§ Work instructions:
All pictures are to be dropped, and the remaining data set down exactly.
Provided data section start
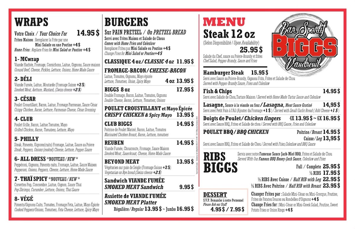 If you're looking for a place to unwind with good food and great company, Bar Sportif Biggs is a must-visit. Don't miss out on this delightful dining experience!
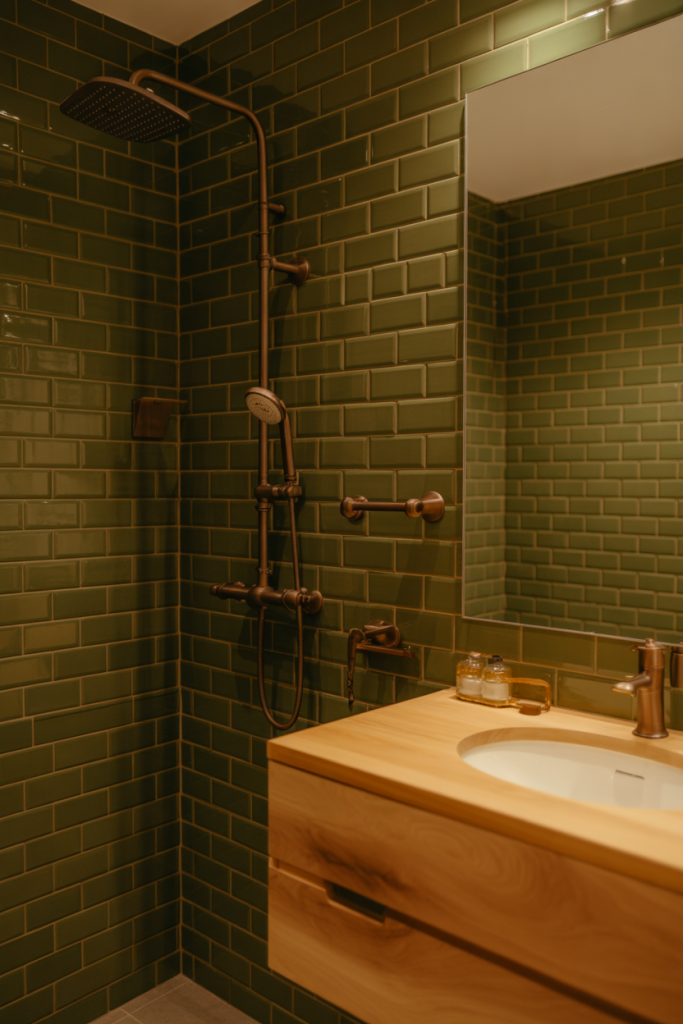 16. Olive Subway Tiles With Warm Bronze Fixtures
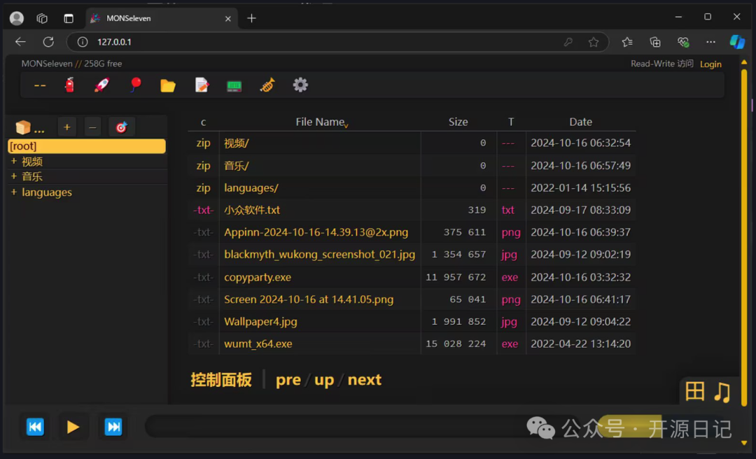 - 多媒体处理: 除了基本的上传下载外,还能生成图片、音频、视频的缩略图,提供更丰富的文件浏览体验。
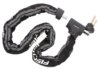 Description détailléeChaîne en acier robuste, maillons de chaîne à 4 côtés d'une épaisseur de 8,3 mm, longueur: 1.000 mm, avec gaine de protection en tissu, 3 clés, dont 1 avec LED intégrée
Provided data section end
§ Your response:
 If you're looking for a place to unwind with good food and great company, Bar Sportif Biggs is a must-visit. Don't miss out on this delightful dining experience!
 16. Olive Subway Tiles With Warm Bronze Fixtures
 - 多媒体处理: 除了基本的上传下载外,还能生成图片、音频、视频的缩略图,提供更丰富的文件浏览体验。
 Description détailléeChaîne en acier robuste, maillons de chaîne à 4 côtés d'une épaisseur de 8,3 mm, longueur: 1.000 mm, avec gaine de protection en tissu, 3 clés, dont 1 avec LED intégrée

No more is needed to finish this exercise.